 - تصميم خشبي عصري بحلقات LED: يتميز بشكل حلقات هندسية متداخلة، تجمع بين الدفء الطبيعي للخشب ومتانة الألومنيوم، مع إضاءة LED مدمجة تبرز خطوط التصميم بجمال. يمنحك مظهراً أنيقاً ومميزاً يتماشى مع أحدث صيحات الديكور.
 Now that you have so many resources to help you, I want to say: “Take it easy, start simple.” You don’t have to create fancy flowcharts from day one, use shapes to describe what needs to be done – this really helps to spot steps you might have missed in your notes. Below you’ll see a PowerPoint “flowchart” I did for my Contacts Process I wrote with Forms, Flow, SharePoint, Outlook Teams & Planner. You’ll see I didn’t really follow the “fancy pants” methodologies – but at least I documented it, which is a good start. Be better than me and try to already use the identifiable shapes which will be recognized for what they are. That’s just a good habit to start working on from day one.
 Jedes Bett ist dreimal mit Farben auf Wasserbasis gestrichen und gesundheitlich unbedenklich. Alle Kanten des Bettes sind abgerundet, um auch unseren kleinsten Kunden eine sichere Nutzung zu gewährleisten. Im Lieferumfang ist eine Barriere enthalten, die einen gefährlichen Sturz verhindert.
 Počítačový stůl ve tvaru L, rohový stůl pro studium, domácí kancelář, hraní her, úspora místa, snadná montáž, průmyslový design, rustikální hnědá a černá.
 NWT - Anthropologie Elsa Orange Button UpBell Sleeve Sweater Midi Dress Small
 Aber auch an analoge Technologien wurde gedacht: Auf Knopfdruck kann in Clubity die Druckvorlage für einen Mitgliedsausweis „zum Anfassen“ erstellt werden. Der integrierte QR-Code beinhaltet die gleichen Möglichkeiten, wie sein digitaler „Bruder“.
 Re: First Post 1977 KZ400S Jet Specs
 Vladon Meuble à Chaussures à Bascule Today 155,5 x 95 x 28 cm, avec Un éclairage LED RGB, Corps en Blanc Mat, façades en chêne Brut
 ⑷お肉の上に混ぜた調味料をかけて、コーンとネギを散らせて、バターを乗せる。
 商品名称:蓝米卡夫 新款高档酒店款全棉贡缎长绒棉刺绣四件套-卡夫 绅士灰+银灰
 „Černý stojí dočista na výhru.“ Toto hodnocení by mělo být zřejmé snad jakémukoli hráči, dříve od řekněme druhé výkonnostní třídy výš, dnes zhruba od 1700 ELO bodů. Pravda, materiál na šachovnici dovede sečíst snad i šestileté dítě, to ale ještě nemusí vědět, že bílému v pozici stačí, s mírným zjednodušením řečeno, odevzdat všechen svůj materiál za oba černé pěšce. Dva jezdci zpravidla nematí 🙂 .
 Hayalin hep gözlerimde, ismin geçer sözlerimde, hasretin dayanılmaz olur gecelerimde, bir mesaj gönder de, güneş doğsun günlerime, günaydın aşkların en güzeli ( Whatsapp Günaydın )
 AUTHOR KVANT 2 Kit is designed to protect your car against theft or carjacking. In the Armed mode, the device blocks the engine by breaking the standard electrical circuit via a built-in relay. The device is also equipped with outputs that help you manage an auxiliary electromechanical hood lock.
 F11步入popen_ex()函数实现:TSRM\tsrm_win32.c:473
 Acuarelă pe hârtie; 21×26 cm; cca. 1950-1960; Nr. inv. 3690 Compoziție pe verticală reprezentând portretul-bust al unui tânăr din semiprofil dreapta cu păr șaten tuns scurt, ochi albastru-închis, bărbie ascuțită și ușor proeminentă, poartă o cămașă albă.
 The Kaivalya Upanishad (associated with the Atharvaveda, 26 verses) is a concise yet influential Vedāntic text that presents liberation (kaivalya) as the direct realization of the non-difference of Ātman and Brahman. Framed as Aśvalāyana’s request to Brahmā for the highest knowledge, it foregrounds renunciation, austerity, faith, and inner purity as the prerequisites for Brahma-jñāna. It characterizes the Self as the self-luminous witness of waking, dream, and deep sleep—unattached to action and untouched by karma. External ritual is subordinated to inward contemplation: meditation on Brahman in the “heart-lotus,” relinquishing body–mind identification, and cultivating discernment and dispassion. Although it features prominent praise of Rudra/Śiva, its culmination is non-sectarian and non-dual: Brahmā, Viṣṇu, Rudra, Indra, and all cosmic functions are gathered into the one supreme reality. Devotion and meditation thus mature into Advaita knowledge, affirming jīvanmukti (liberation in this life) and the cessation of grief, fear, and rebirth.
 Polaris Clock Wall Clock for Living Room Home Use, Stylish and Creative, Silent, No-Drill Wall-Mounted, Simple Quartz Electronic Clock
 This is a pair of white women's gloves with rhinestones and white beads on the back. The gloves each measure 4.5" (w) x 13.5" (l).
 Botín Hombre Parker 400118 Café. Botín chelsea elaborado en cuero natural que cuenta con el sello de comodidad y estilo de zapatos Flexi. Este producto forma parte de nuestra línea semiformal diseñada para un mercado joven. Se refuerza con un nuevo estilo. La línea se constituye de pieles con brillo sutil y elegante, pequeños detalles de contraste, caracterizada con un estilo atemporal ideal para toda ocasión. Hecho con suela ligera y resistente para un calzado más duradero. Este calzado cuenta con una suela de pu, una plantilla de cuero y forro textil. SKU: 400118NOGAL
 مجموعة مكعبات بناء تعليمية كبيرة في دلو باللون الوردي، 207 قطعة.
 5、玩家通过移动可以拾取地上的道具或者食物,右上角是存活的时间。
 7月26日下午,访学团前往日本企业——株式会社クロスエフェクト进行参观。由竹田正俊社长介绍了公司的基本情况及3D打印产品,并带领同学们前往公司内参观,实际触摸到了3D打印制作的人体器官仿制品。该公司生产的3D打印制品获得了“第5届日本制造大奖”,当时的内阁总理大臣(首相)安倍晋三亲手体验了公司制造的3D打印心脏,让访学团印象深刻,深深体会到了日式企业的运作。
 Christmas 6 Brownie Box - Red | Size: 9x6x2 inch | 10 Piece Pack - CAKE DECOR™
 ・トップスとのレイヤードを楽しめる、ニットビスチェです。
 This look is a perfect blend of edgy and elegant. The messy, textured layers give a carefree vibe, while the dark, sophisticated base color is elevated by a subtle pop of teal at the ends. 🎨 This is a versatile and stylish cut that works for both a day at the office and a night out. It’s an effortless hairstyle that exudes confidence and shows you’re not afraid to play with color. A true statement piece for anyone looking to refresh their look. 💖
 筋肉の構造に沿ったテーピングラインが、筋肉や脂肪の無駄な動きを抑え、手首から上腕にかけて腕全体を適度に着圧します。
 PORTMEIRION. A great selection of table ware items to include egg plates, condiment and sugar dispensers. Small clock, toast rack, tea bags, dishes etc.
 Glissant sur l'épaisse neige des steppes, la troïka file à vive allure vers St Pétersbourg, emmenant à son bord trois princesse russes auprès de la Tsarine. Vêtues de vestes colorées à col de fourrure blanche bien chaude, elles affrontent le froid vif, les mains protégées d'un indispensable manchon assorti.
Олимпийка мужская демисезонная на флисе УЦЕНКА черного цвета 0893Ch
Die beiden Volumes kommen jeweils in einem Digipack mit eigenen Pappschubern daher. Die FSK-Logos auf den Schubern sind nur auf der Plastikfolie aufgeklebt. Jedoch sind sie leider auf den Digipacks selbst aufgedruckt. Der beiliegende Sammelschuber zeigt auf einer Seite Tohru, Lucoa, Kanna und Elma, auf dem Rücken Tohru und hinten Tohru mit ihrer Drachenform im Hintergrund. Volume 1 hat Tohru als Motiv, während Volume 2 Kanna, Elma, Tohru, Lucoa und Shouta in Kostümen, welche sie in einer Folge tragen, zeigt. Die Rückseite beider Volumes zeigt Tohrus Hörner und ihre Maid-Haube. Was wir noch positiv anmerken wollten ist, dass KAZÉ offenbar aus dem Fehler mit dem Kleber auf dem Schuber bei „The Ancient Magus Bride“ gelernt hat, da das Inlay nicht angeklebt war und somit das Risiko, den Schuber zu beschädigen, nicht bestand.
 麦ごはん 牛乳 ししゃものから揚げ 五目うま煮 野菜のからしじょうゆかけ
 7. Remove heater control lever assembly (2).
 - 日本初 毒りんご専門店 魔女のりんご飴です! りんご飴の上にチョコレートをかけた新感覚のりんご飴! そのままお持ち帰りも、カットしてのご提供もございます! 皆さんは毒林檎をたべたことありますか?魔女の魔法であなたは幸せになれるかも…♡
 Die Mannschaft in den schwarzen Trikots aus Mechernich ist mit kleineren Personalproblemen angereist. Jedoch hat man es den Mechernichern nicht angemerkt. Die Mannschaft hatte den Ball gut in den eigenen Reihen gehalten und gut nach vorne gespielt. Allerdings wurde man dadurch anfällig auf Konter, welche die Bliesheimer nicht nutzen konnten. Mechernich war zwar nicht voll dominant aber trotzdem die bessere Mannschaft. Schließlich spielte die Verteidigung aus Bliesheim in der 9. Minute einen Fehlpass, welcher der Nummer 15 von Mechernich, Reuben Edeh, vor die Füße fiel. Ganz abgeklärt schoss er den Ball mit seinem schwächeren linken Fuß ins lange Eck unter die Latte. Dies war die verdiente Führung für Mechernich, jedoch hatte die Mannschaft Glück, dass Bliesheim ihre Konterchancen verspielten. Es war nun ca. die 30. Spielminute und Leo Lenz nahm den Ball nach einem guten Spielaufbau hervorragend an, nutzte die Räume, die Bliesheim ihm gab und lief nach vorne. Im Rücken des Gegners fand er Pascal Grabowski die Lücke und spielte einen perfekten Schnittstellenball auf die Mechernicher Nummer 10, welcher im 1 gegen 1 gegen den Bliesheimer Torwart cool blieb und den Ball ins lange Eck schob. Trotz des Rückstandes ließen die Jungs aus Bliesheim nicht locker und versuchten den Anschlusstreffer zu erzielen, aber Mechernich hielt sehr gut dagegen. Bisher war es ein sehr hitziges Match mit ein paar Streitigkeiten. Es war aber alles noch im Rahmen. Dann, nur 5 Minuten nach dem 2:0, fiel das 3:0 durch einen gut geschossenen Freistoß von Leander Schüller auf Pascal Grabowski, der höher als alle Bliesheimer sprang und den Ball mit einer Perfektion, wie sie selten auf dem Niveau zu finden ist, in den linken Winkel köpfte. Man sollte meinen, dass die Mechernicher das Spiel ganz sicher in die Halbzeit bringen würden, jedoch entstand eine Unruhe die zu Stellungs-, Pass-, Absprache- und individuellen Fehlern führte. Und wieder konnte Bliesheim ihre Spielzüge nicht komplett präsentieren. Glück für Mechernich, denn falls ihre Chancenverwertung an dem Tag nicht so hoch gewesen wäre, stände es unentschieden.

━━━━━━━━━━

Your goal — Give again, exactly as written, the lines running from the first line of the data above through the line that contains "⑷お肉の上に混ぜた調味料をかけて、コーンとネギを散らせて、バターを乗せる。".

Answer area —
 - تصميم خشبي عصري بحلقات LED: يتميز بشكل حلقات هندسية متداخلة، تجمع بين الدفء الطبيعي للخشب ومتانة الألومنيوم، مع إضاءة LED مدمجة تبرز خطوط التصميم بجمال. يمنحك مظهراً أنيقاً ومميزاً يتماشى مع أحدث صيحات الديكور.
 Now that you have so many resources to help you, I want to say: “Take it easy, start simple.” You don’t have to create fancy flowcharts from day one, use shapes to describe what needs to be done – this really helps to spot steps you might have missed in your notes. Below you’ll see a PowerPoint “flowchart” I did for my Contacts Process I wrote with Forms, Flow, SharePoint, Outlook Teams & Planner. You’ll see I didn’t really follow the “fancy pants” methodologies – but at least I documented it, which is a good start. Be better than me and try to already use the identifiable shapes which will be recognized for what they are. That’s just a good habit to start working on from day one.
 Jedes Bett ist dreimal mit Farben auf Wasserbasis gestrichen und gesundheitlich unbedenklich. Alle Kanten des Bettes sind abgerundet, um auch unseren kleinsten Kunden eine sichere Nutzung zu gewährleisten. Im Lieferumfang ist eine Barriere enthalten, die einen gefährlichen Sturz verhindert.
 Počítačový stůl ve tvaru L, rohový stůl pro studium, domácí kancelář, hraní her, úspora místa, snadná montáž, průmyslový design, rustikální hnědá a černá.
 NWT - Anthropologie Elsa Orange Button UpBell Sleeve Sweater Midi Dress Small
 Aber auch an analoge Technologien wurde gedacht: Auf Knopfdruck kann in Clubity die Druckvorlage für einen Mitgliedsausweis „zum Anfassen“ erstellt werden. Der integrierte QR-Code beinhaltet die gleichen Möglichkeiten, wie sein digitaler „Bruder“.
 Re: First Post 1977 KZ400S Jet Specs
 Vladon Meuble à Chaussures à Bascule Today 155,5 x 95 x 28 cm, avec Un éclairage LED RGB, Corps en Blanc Mat, façades en chêne Brut
 ⑷お肉の上に混ぜた調味料をかけて、コーンとネギを散らせて、バターを乗せる。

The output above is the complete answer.